Panel Paper:
Understanding How Information Affects Loan Aversion Among High School Seniors
*Names in bold indicate Presenter
A large portion of loan averse students might be unwilling to borrow because of the risk associated with the inability to repay the loan balance after leaving higher education. Forms of income based repayment dramatically reduce that risk by basing monthly payments on the borrower’s current income rather than the loan balance. Unfortunately, few students take advantage of this option when entering repayment. In 2014 only 20% of borrowers entering repayment enrolled in income-based plans (College Board, 2015). The purpose of the study is to determine how information about loans and income based repayment may affect high school seniors’ attitudes about borrowing for higher education.

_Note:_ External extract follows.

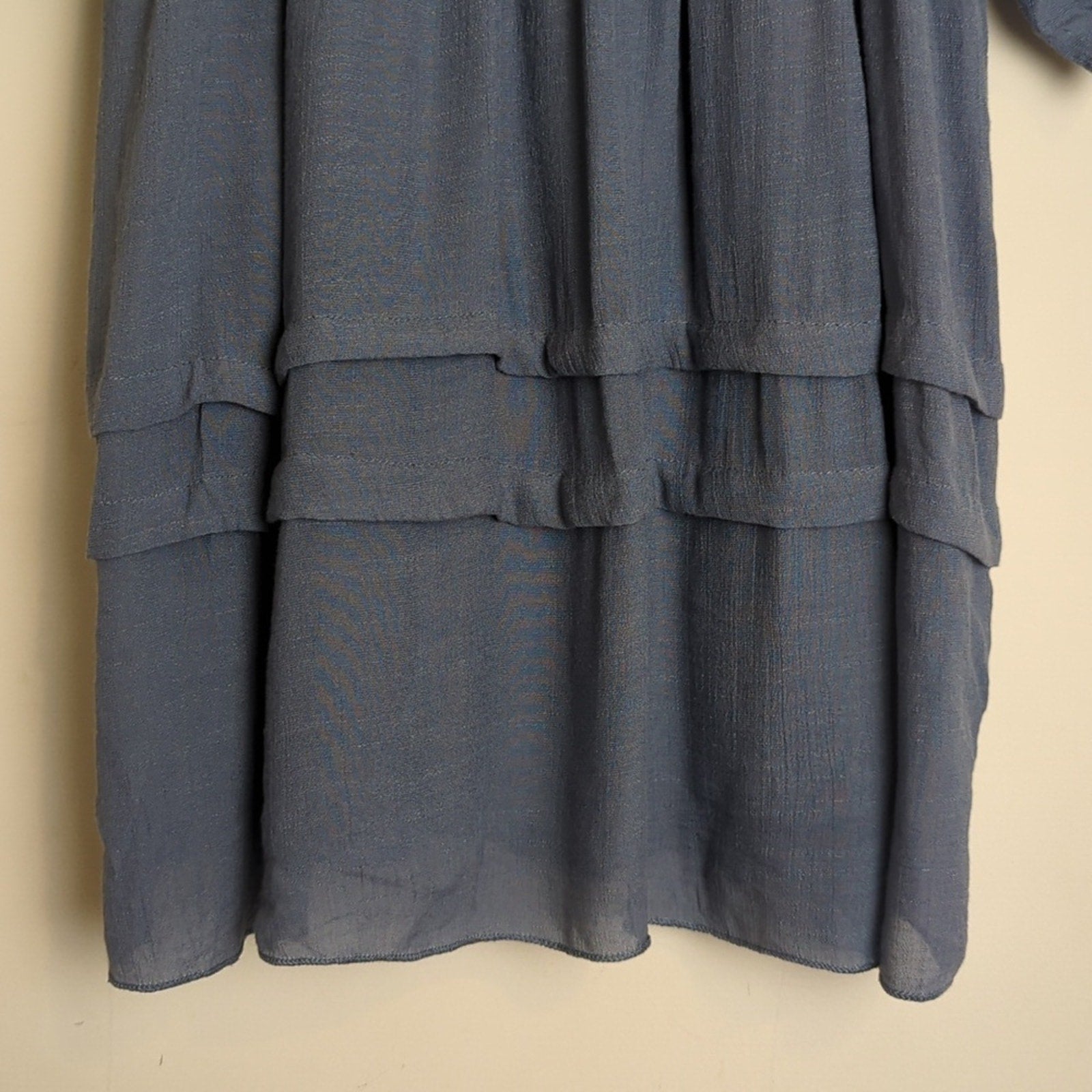 lightweight baby doll midi dress with crochet front and smocked back, balloon sleeves ruffled skirt

We employ a clustered randomized control trial in six diverse high schools in Jefferson County, Louisville, Kentucky to identify the effect of loan and repayment information on borrowing attitudes and perceptions. The information treatment is watching a 4-5 minute video in a classroom during the school day that explains the features and advantages of federal student loans and income based repayment. The control condition is watching a 4-5 minute video that explains how to read a financial aid award letter, which is theoretically neutral on student loans. The loan attitude outcomes are recorded via a ten minute paper survey with several measures of loan aversion and questions about financial aid and loan knowledge. Randomization was conducted at the classroom level within each high school such that an equal number of classrooms received the treatment and control conditions. Approximately 650 high school seniors participated in the experiment over the course of three days during January 2016. Data collection is complete.
Results of this study will suggest whether information on income based repayment can mitigate loan aversion. If the results are positive, it suggests providing information on income based repayment options at the time of the borrowing decision is vital to improving college access to low- and middle-income populations who are averse to borrowing due to the risk of being able to repay the loans.